--- Task statement ---
Without the pictures, set down everything in the listing exactly.

--- Supplied information ---
□ □ □ □ □

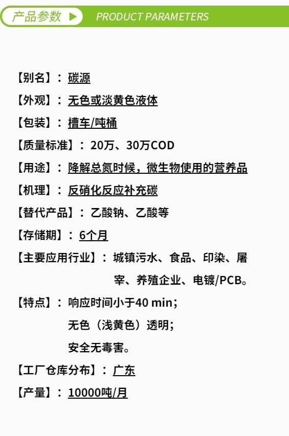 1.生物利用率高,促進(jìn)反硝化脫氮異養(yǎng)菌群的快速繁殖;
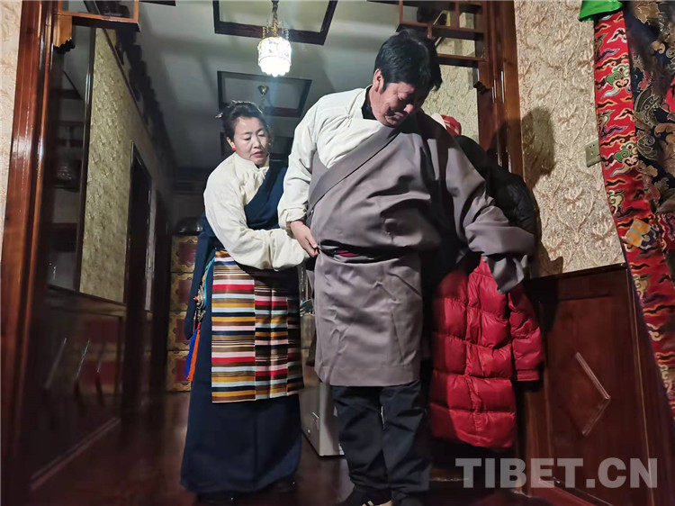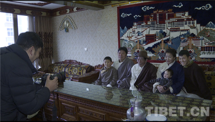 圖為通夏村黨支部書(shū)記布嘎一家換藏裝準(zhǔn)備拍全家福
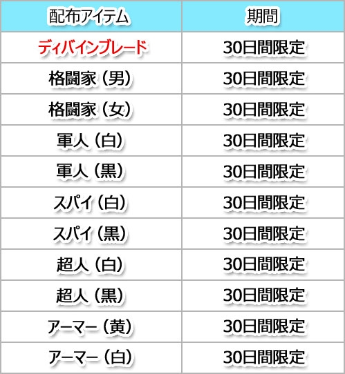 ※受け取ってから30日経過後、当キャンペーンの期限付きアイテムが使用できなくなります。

□ □ □ □ □

--- Your response ---
 1.生物利用率高,促進(jìn)反硝化脫氮異養(yǎng)菌群的快速繁殖;
 圖為通夏村黨支部書(shū)記布嘎一家換藏裝準(zhǔn)備拍全家福
 ※受け取ってから30日経過後、当キャンペーンの期限付きアイテムが使用できなくなります。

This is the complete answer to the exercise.